【Ⅱ】-1 二択

 重い瞼をこじ開ける。途端に入り込んできた光が目を刺した。瞬きを繰り返しながら身体を起こそうとして、ユウラは両の腕が縛られているのに気づく。


「目覚めたようだね」


 耳にねっとりとこびりつくような、嫌な声がした。上半身を起こしつつ声主を探す。細身で五十ほどの男が部屋の隅に座していた。中級司令官の装いをしている。
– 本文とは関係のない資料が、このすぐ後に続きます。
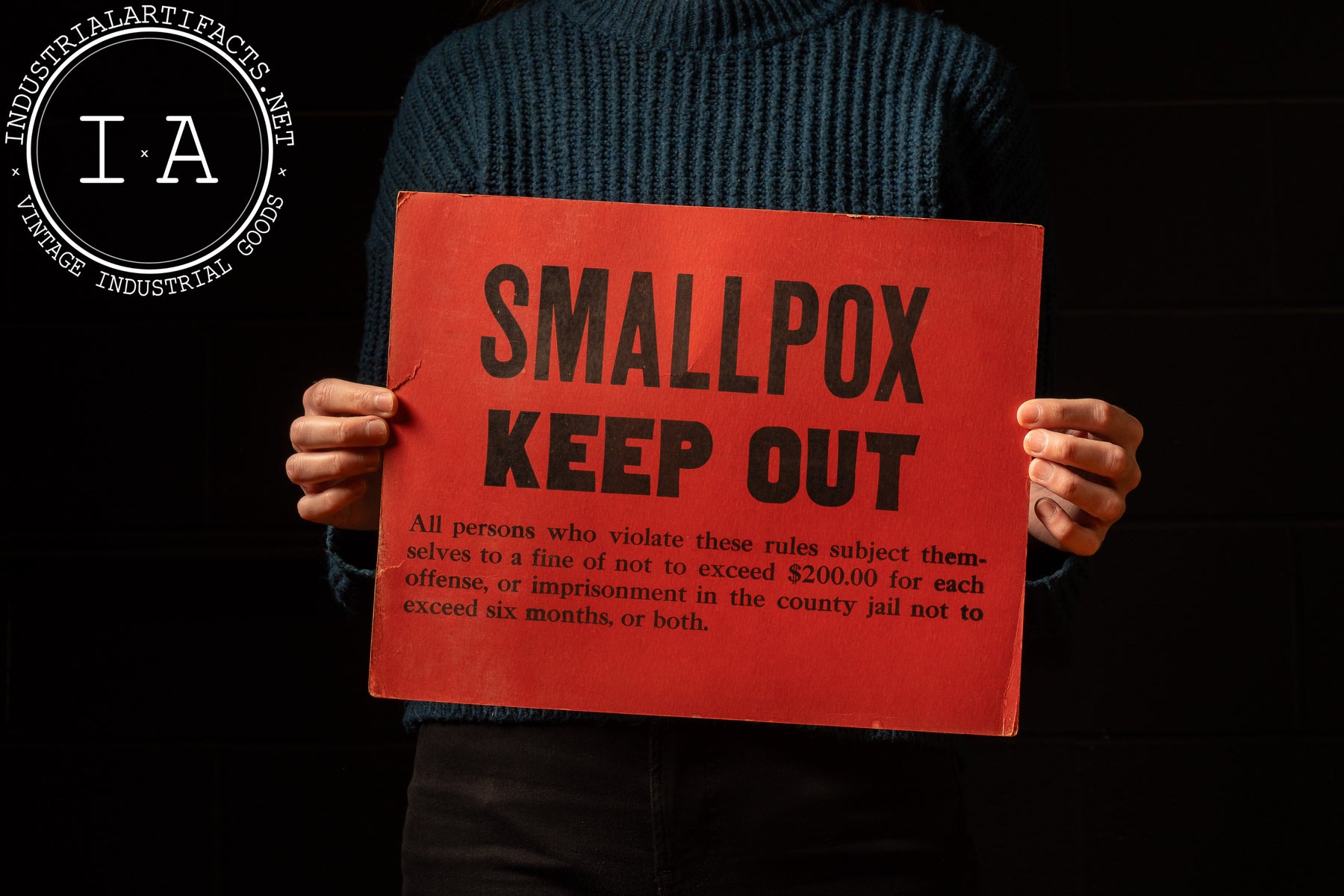 Smallpox was one of the first diseases to prompt systematic quarantine signage in America, with these bright red warnings serving as both legal documentation and visual deterrents to entry. By mid-century, aggressive vaccination programs led by the World Health Organization eventually eradicated the disease globally by 1980, making early quarantine signage like this a stark reminder of pre-modern epidemic control practices.

「若い娘が連行されたと聞いてね。尋問役を買って出たんだよ。君みたいな娘を冷たい鉄格子の中に閉じ込めるわけにはいかないだろう。感謝するといい」


 牢の広さとさほど変わらないような小さな部屋だった。扉がある他には、中級司令官の座る椅子があるだけだ。両手首には呪封じを兼ねた手枷がつけられていた。無論槍は取り上げられていたが、随分不用心だとユウラは思う。


「ここはどこ……ですか?」


「中央本部だ」


「中央?」


「不思議かね」


 鳩尾みぞおちに食い込んだ剣の柄を見たのが、ユウラの最後の記憶だった。クレイドの圧倒的な強さの前に出来たことといえば、テイトが一度呪を使う間を身を挺して稼ぐことだけだ。あの後どうなったのかは分からないが、おそらく二人して捕まり連行されたのだろう。殺されなかっただけでも不思議だが、連行先がティッキンケムの大監獄でなく中央だというのも不可解だった。敵は一体何を企んでいるのだろうか。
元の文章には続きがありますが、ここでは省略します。